Cultish: Indie-Folk Bands–Bendigo Fletcher and The Brook & The Bluff

Ela Moss ’27 / Emertainment Monthly Staff Writer

Many people have a fascination with cults, wondering in bona fide disbelief about the whys and hows of a cult’s formation, and yet American culture actively participates in cultish behavior on the regular. It looks different today than it ever has before with the addition of social media; people religiously follow spirituality gurus, influencers, lifestyle aesthetics, and of course, big-name celebrities. What people refer to as “obsession” is often a kind of devotion that can be attributed to cult-like behavior.

I was reminded of this at The Brook & The Bluff concert at the Bowery Boston. To say the fans were die-hard would be an understatement. The rush of adrenaline when the band first stepped onstage was contagious and electric and didn’t subside until all band members stepped off an hour and a half later. You didn’t have to be a devout follower of the band to enjoy the show; I wasn’t even there for The Brook & The Bluff but for the opener, Bendigo Fletcher, my personal cultish preoccupation.

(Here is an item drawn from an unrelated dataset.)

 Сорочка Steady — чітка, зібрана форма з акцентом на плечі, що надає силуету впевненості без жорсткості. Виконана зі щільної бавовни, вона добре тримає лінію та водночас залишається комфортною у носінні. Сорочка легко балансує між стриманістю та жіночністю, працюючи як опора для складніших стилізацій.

To use myself as an example, I’ve become a bit of a Bendigo groupie over the last year, seeing the small Kentucky band a total of 4 times since last October. Their blend of folk and indie-rock and iconic stage presence is what I can only describe as addictive.

Bendigo Fletcher has been on tour with The Brook & The Bluff since September, and the show they gave Boston on Sunday was sensational. They played for a total of 45 minutes–which was a tease–performing their most renowned, most dance-worthy songs. The frontman, Ryan Anderson, captivated the crowd as always with incredibly impressive high notes and belts in “Broken Routine” and “Evergreen” and said hello and goodbye to the crowd with two of their more touching, lovingly voiced: “Soul Factory” and “Wonderfully Bizarre.” Bendigo Fletcher doubtlessly made an impact and pulled some new listeners in the Bowery, but it was clear who the rest of the crowd was there for. I still feel deafened by their screams.

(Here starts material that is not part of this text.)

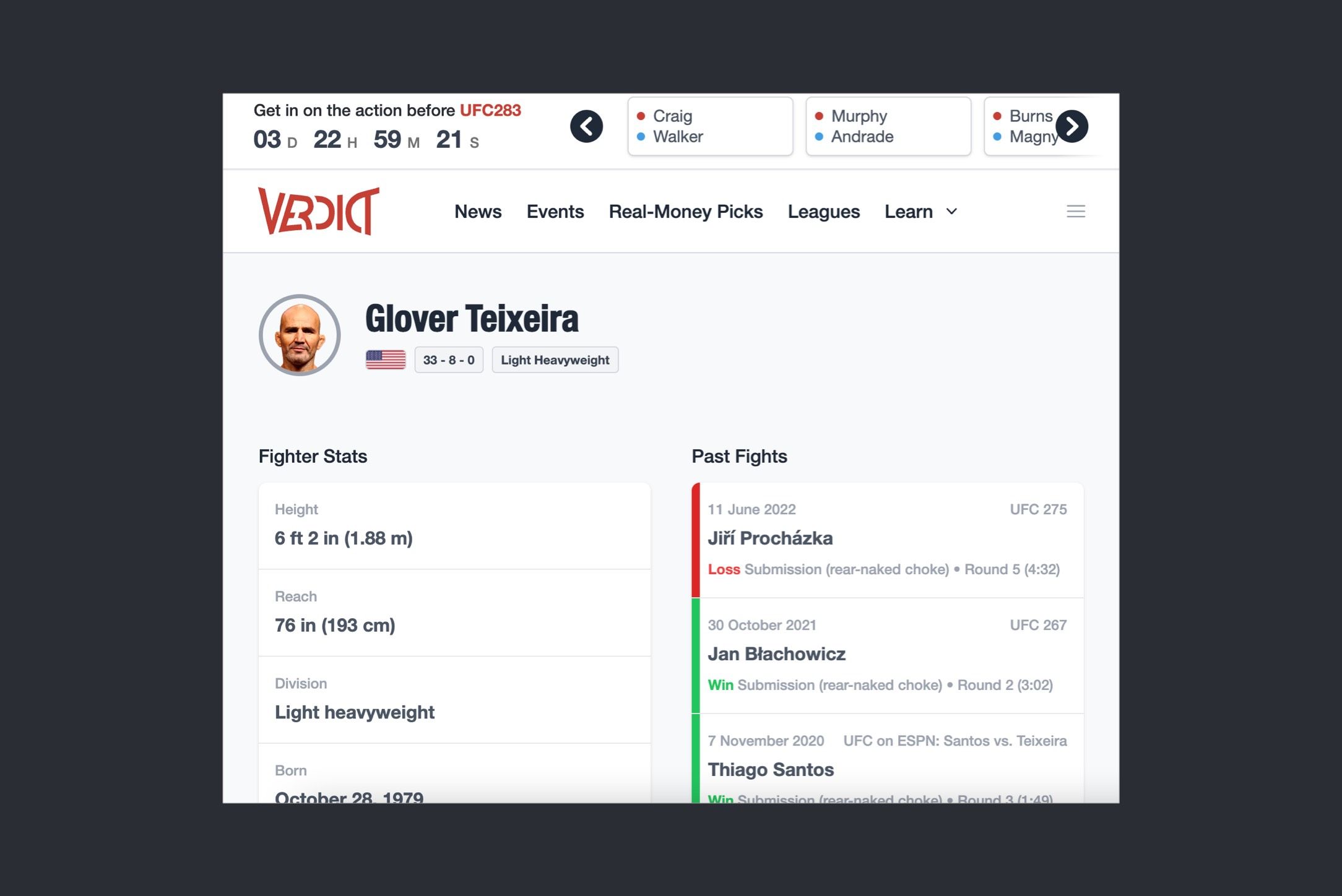 Verdictmma.com is far more than just a news website. Visitors come to our site to make their picks, score fights, interact in comments, view data, read news, and learn about the sport.

Bendigo Fletcher at The Bowery; photo by Ela Moss

The Brook & The Bluff is a band of five from Alabama, best known for their top hit “Halfway Up”. Their music uniquely blends indie folk and rock with a pop-like feel that makes you unable to quit moving your feet. Frontman Joseph Settine announced during the show that the band played in Boston last October, opening for Mt. Joy. Now, the packed house was there just for them.

This crowd embodied cult-like attention, and the band thrived on it. The screams were all-encompassing, coming for my eardrums at every angle with an intensity I genuinely have never experienced at a concert before. The energy of these general admission attendees was that of what I can only imagine is the equivalent of the pit at Harry Styles.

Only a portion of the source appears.